Elles sont aussi souvent perdantes au moment des séparations, alors même que la communauté des biens du mariage devrait les protéger des inégalités patrimoniales. Et plus les familles sont riches, plus les femmes sont ignorantes de la réalité patrimoniale du foyer. (C’est l’inverse dans les classes populaires où on confie plus volontiers aux femmes la « gestion de la misère »). Ce sont les hommes qui ont plus fréquemment le monopole de la connaissance du patrimoine et des rapports avec les professionnels de gestion de fortune. Ils apprennent à protéger leur fortune du fisc, ce qui les aide ensuite, en cas de divorce, à mieux la protéger de leur épouse.
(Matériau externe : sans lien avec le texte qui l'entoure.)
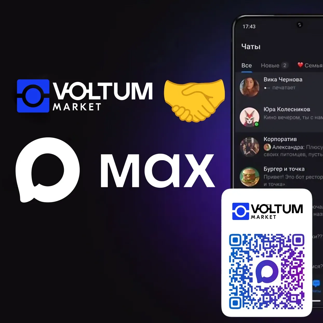 Мы рады сообщить, что компания Voltum.market расширяет каналы коммуникации с клиентами! Теперь связаться с нами можно не только через привычные WhatsApp и Telegram, но и в популярном российском мессенджере MAX.

“ Ouvrons les yeux sur les questions patrimoniales et ce qui provoque les inégalités ”
Au XXe siècle, une meilleure égalité au sein des couples a permis de réduire les inégalités patrimoniales entre femmes et hommes. Mais il faut être vigilant. Car dès lors qu’on considère que l’égalité est la norme, les protections patriarcales du mariage disparaissent. Résultat, les inégalités de patrimoine augmentent à nouveau depuis vingt ans.
Il y a de plus en plus d’unions libres donc davantage de personnes en régime de séparation de biens. Pourtant les femmes continuent de faire plus de travail gratuit et voient reculer leur carrière quand elles ont des enfants. Elles sont toujours formatées à ne pas gérer le patrimoine. Et elles continuent d’être lésées au moment des séparations…
Je vous propose 3 résolutions pour 2022 :
- Ouvrons les yeux sur les questions patrimoniales et ce qui provoque les inégalités.
- Le cas échéant, apprenons à mieux connaître le patrimoine familial.
- Parlons-en avec des professionnels, des gestionnaires, des notaires, mais aussi en famille et entre amis.